* Activity *
Below are the records. Retype, exactly, the lines from the first through the line with "Ein Einfamilienhaus in", and leave out the pictures.

Dataset entries
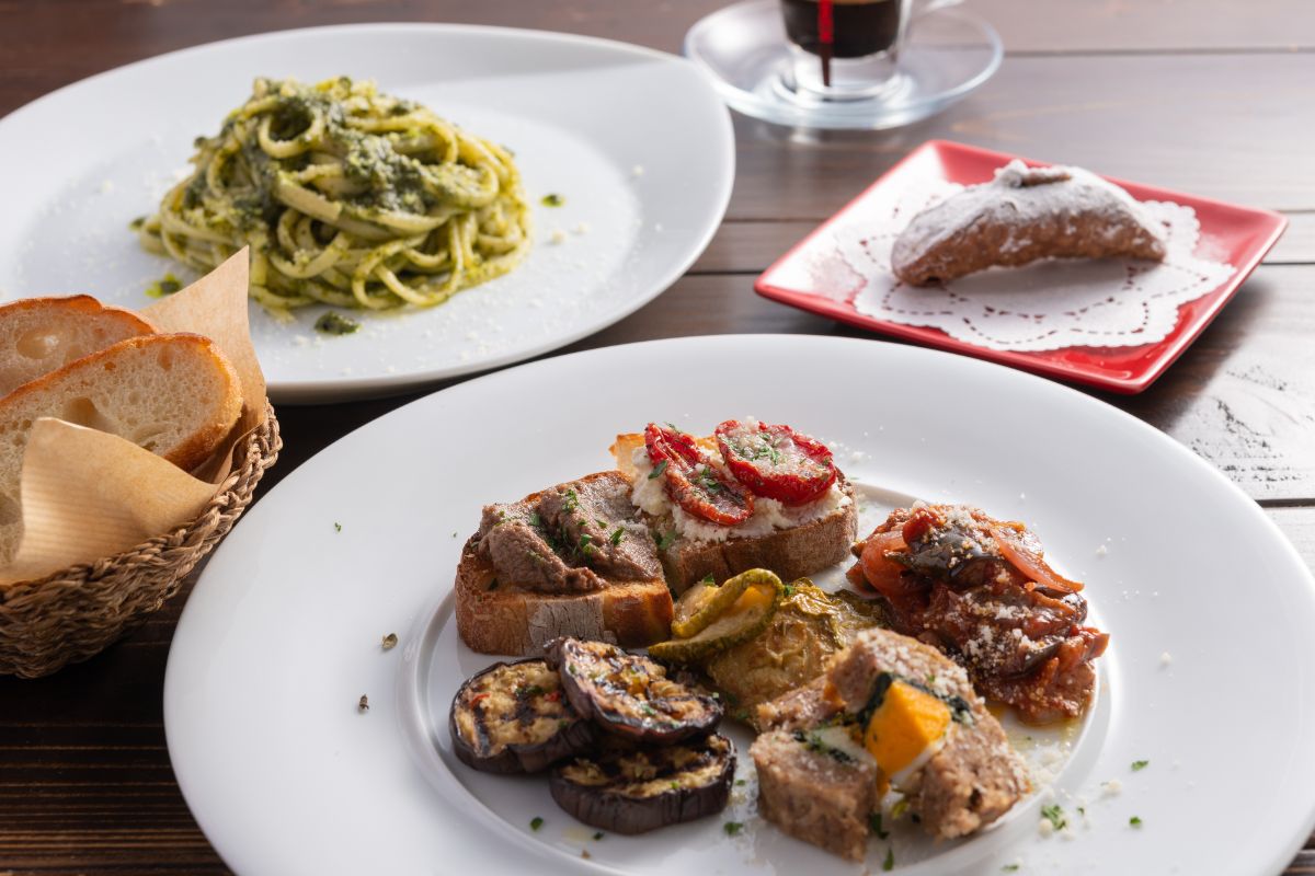 前菜の盛り合わせの「アンティ パスト・ミスト」1650円は、ボリューム満点。パスタも有機バジルを使用した「自家製ペストのジェノベーゼ」1350円をはじめ、8種類前後の豊富なメニューから選べます。食後やカフェタイムには、奥さんのこだわりが詰まったドルチェもぜひ。落ち着きのある空間で料理やワイン、カフェやドルチェを静かな町並みとともに楽しめます。ランチは予約優先なので、事前に問合せをしてから向かいましょう。
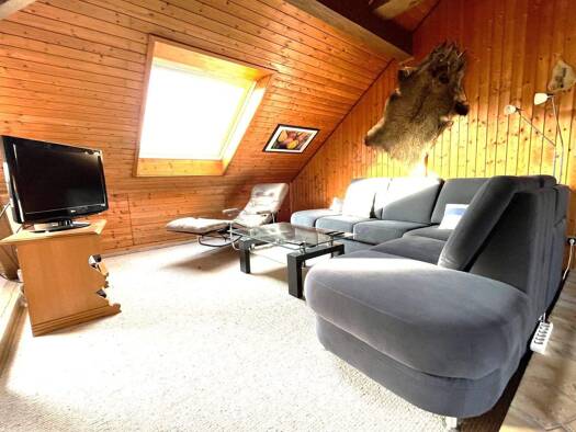 Ein Einfamilienhaus in Split-Level-Bauweise, bestehend aus einem Geschoss und einem Untergeschoss, mit ausgebautem Dachgeschoss und einer Wohnfläche von 179 m², sowie einer Doppelgarage, erbaut im Ja...
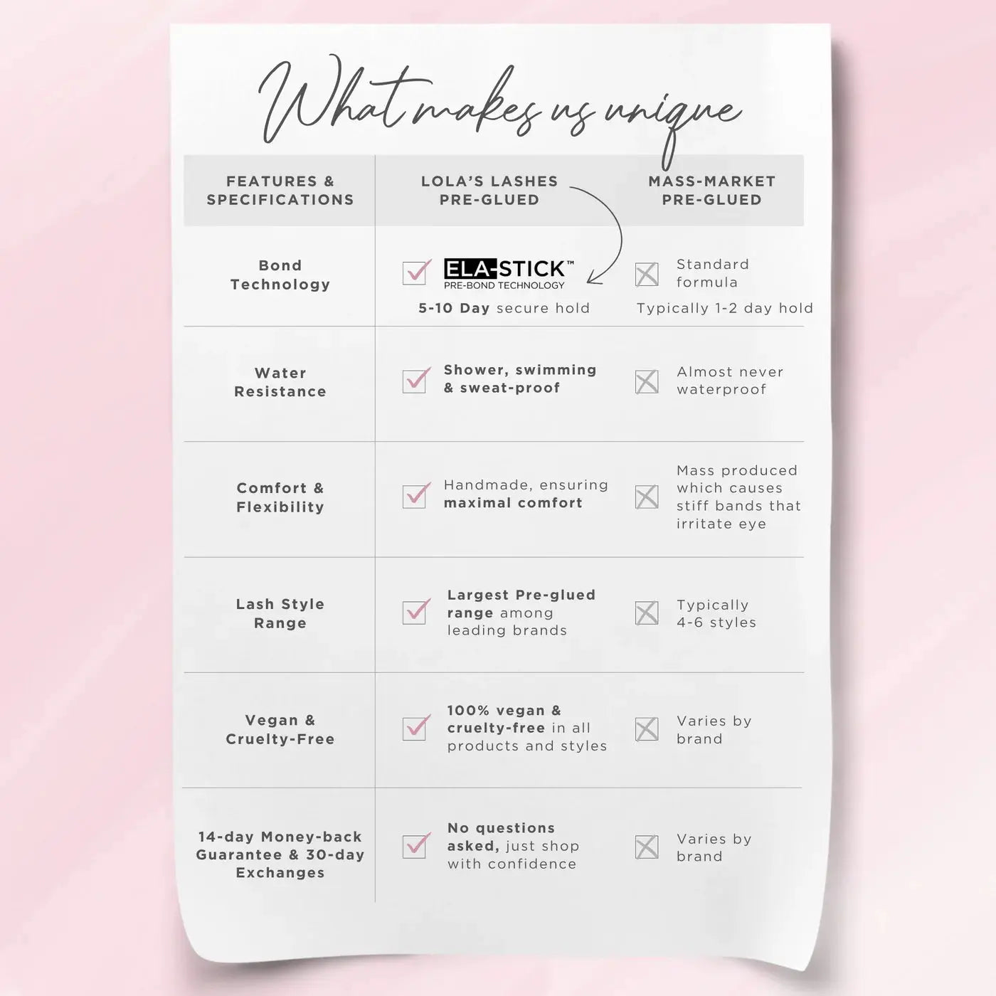 Thanks to the revolutionary Ela-stick™ technology, these lashes stay in place for up to 5 days. Yes, really: waterproof, showerproof and windproof. So whether you're braving the rain or dancing at a festival, your lashes stay flawless. No glue needed, they're pre-glued. It doesn’t get easier than this! Plus: they’re 100% vegan and cruelty free.
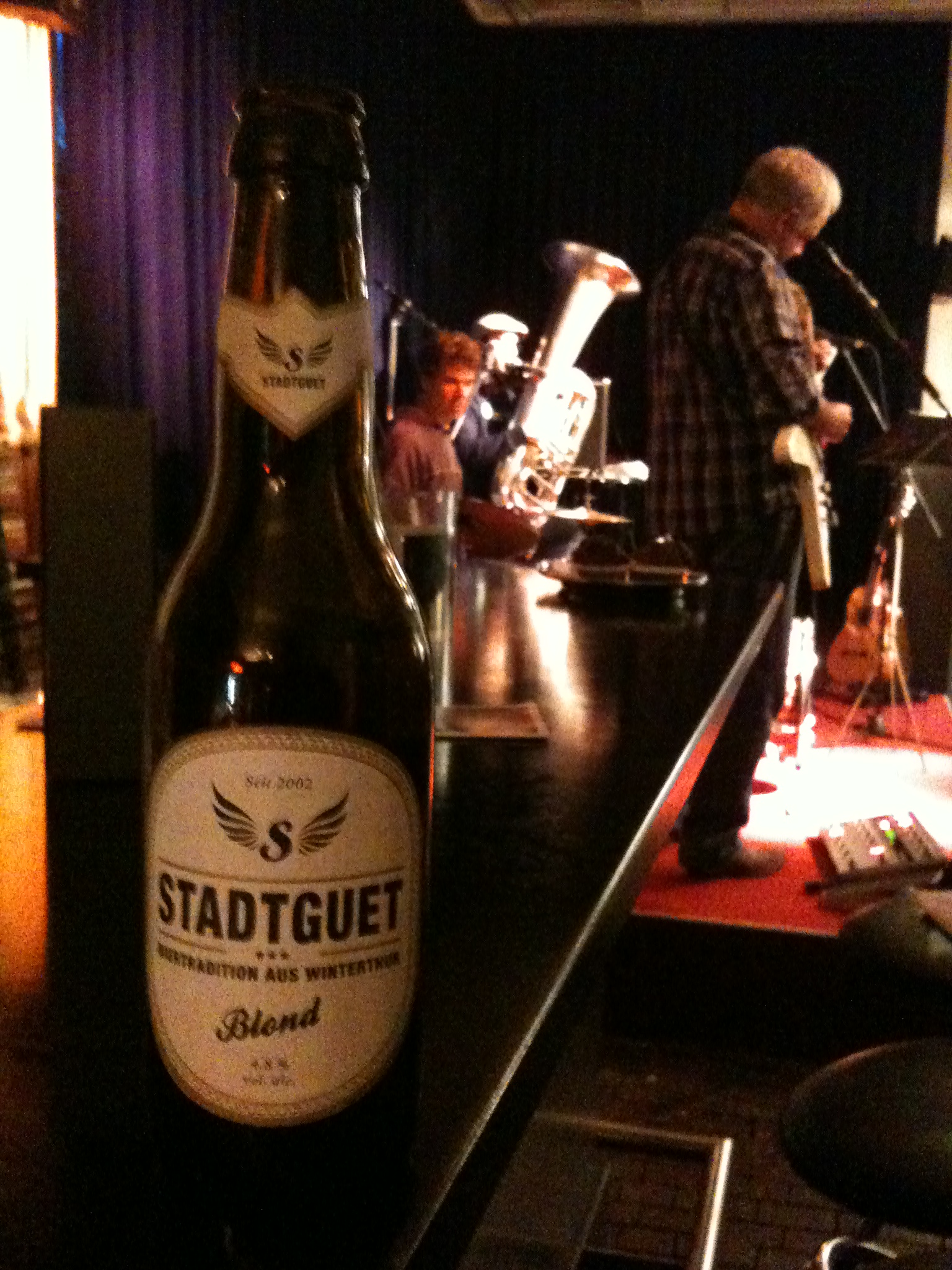 Winterthur, Switzerland is located about 20 minutes by train from Zurich. It is a sleepy little town that has a population of approx. 100,000 and has quite an interesting banking/insurance history. The Union Bank of Switzerland was originally founded in Winterthur 1862 which went on to become UBS AG which was also founded in Winterthur in 1998. Winterthur Insurance was Switzerland’s largest insurer until it was acquired by the French AXA Group in 2007. It is also a well known textile city which had its heyday in the early 1900’s but the industry has largely dispersed into Asia today. Now onto much more important demographics Winterthur has its own brewery Stadtguet founded in 2002. The website http://www.stadtguet.ch/default.htm unfortunately is all in Swiss German but the signature ale and one sampled by BoTF was Stadtguet “Blonde”. To be honest despite sampling this ale in a fantastic little Jazz Bar and ideal surroundings it was a bit of a letdown and not typical of some of the other malty Swiss or German beers BoTF has sampled. None the less it was a pretty good to spend a Sunday afternoon.
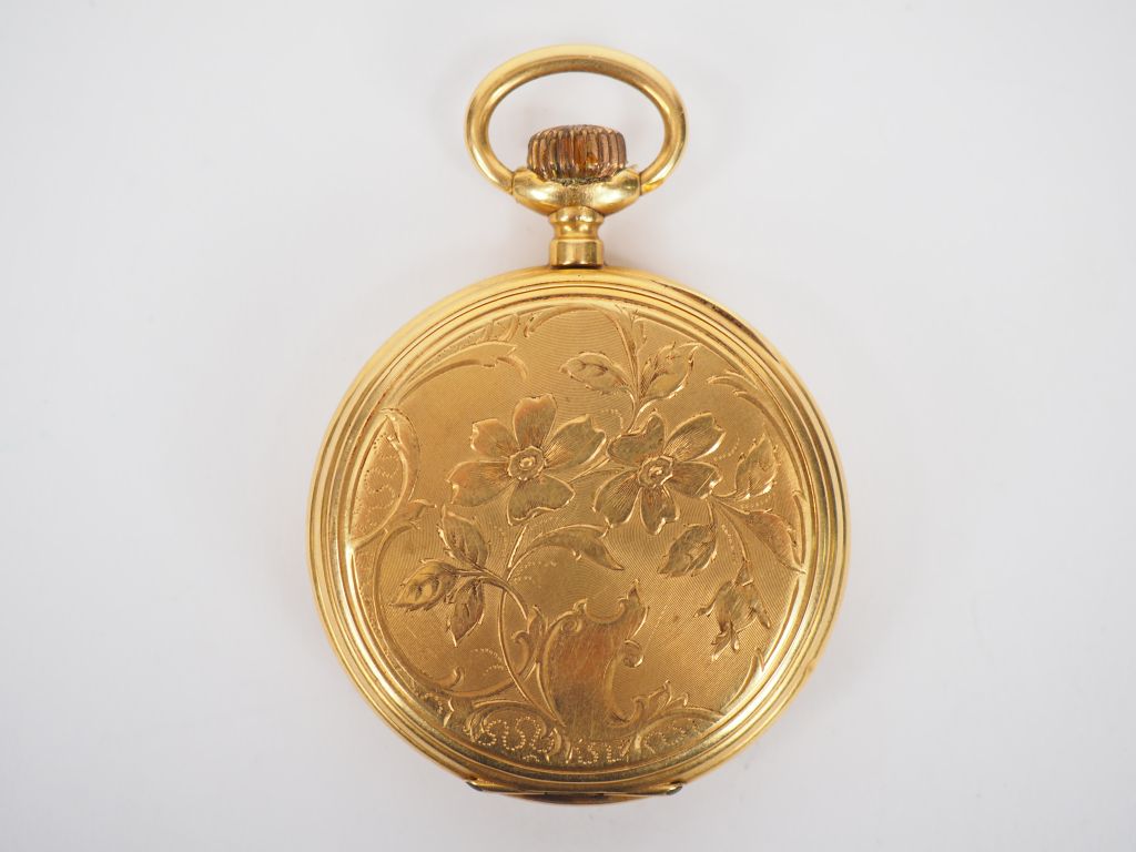 Etui de montre en or jaune. Le revers, à décor de fleurs. Poids tel. 25,32 g (manque le mécanisme)
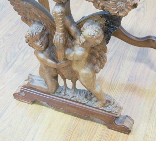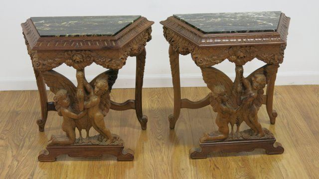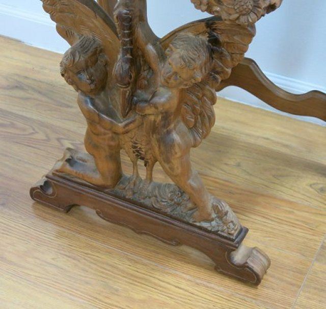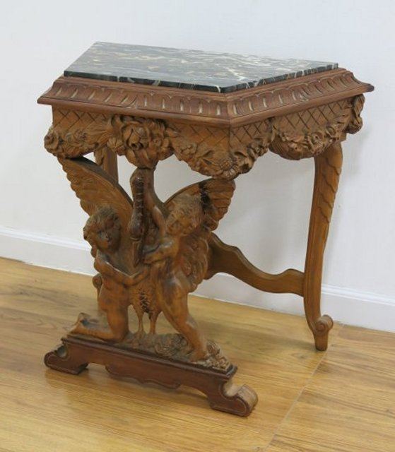 Black marble. Circa 1920's or 1930's. With carved cherubs. Approx. 24 1/2" H x 15 1/4" D x 26" W.

* Exercise output *
 前菜の盛り合わせの「アンティ パスト・ミスト」1650円は、ボリューム満点。パスタも有機バジルを使用した「自家製ペストのジェノベーゼ」1350円をはじめ、8種類前後の豊富なメニューから選べます。食後やカフェタイムには、奥さんのこだわりが詰まったドルチェもぜひ。落ち着きのある空間で料理やワイン、カフェやドルチェを静かな町並みとともに楽しめます。ランチは予約優先なので、事前に問合せをしてから向かいましょう。
 Ein Einfamilienhaus in Split-Level-Bauweise, bestehend aus einem Geschoss und einem Untergeschoss, mit ausgebautem Dachgeschoss und einer Wohnfläche von 179 m², sowie einer Doppelgarage, erbaut im Ja...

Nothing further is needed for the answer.